A BA (Bachelor of Arts) and a BS (Bachelor of Science) are both four-year undergraduate degrees, but they differ in how your coursework is structured. A BA leans toward the humanities, with more electives and broader exploration, while a BS emphasizes math, science, and technical depth within your major. Both carry equal weight as bachelor’s degrees, and neither is inherently “better” than the other.
What a Bachelor of Arts Covers
A BA degree is rooted in the liberal arts tradition, which emphasizes subjects like philosophy, literature, history, social sciences, art, and foreign language. That doesn’t mean you won’t take any math or science, but those subjects won’t dominate your schedule. Instead, a BA typically requires you to demonstrate proficiency in a second language, often through four semesters of study.
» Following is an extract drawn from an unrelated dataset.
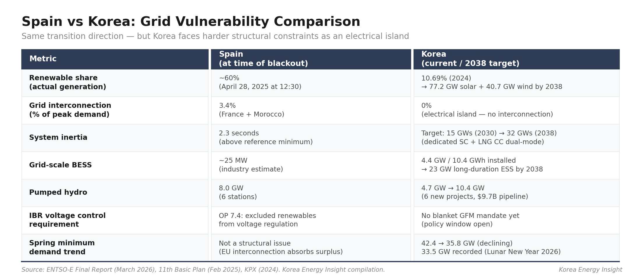 The political framing reassures. The engineering diagnosis tells you where the money needs to go. Renewable expansion is both inevitable and justified — decarbonization targets, energy security concerns from LNG supply chain risks to the Hormuz chokepoint, and declining generation costs all point in one direction. The question is not whether renewables will scale. The question is whether the grid infrastructure and market design are scaling with them. In Spain, they were not. The grid stability bill came due, and no one had budgeted for it. Korea is pursuing the same transition on harder terms — faster renewable targets, shrinking spring demand, and zero interconnection.

Because a BA is generally less specialized, you’ll often have more room for electives. That flexibility lets you explore topics outside your major, pick up a minor, or double major more easily. Students who want a well-rounded education with breathing room in their schedule tend to gravitate toward a BA.
What a Bachelor of Science Covers
A BS degree is built around technical, scientific, or analytical coursework. You’ll typically take more math and science classes, complete more lab work, and spend a larger share of your credits on courses directly tied to your major. Where a BA might require foreign language proficiency, a BS often substitutes quantitative requirements instead, such as additional math-intensive courses.
This structure means fewer electives in most programs. The tradeoff is deeper expertise in your field by the time you graduate, which can matter if you’re heading into a career or graduate program where specific technical knowledge is expected from day one.
Same Major, Two Different Degrees
Here’s where it gets interesting: many universities offer both a BA and a BS in the same subject. Psychology, economics, computer science, and biology are common examples. The core major classes are often identical, but the surrounding requirements differ.
At the University of Maryland, for instance, a psychology BS requires everything the BA requires plus at least three additional advanced courses (about 10 extra credits) in mathematics and science, including at least one lab course. The psychology content is the same. The difference is how much math and science training surrounds it.
If your school offers both options in your major, the choice comes down to how you want to spend your non-major credits. Prefer more lab science and statistics? Go with the BS. Prefer a foreign language and more electives? The BA gives you that flexibility.
How Employers and Grad Schools View Each
For most jobs, employers care far more about your major, your skills, and your experience than whether your diploma says BA or BS. A hiring manager looking at two candidates with the same major will rarely prefer one degree type over the other.
Graduate schools similarly accept both, but prerequisites matter more than the degree label. A Master of Science program in data science or engineering may expect you to have completed specific math and science courses that a BS naturally includes. A Master of Arts or Master of Fine Arts program in the humanities will accept a BA in various fields without issue. If you’re planning on graduate school, look at the prerequisite courses for programs you’re interested in. You can meet those prerequisites with either degree type as long as you plan your electives carefully.
Choosing Between a BA and a BS
If you already know your major, check whether your school offers one or both degree types for that subject. Some majors only come as a BA (English, history, philosophy) and some only as a BS (engineering, nursing, physics). When both are available, think about your goals.
A BS makes sense if you want the strongest possible technical foundation, especially for careers in STEM fields or graduate programs with heavy quantitative prerequisites. A BA makes sense if you want more flexibility to explore, value foreign language skills, or plan to pursue law school, business school, or a career in the arts and social sciences where broad knowledge is an asset.
Neither degree locks you into a single career path. Plenty of BA holders work in technical roles, and plenty of BS holders end up in management, writing, or policy. The degree type shapes your college experience more than it shapes your long-term career. Pick the version that lets you take the courses you’re most interested in while keeping your post-graduation options open.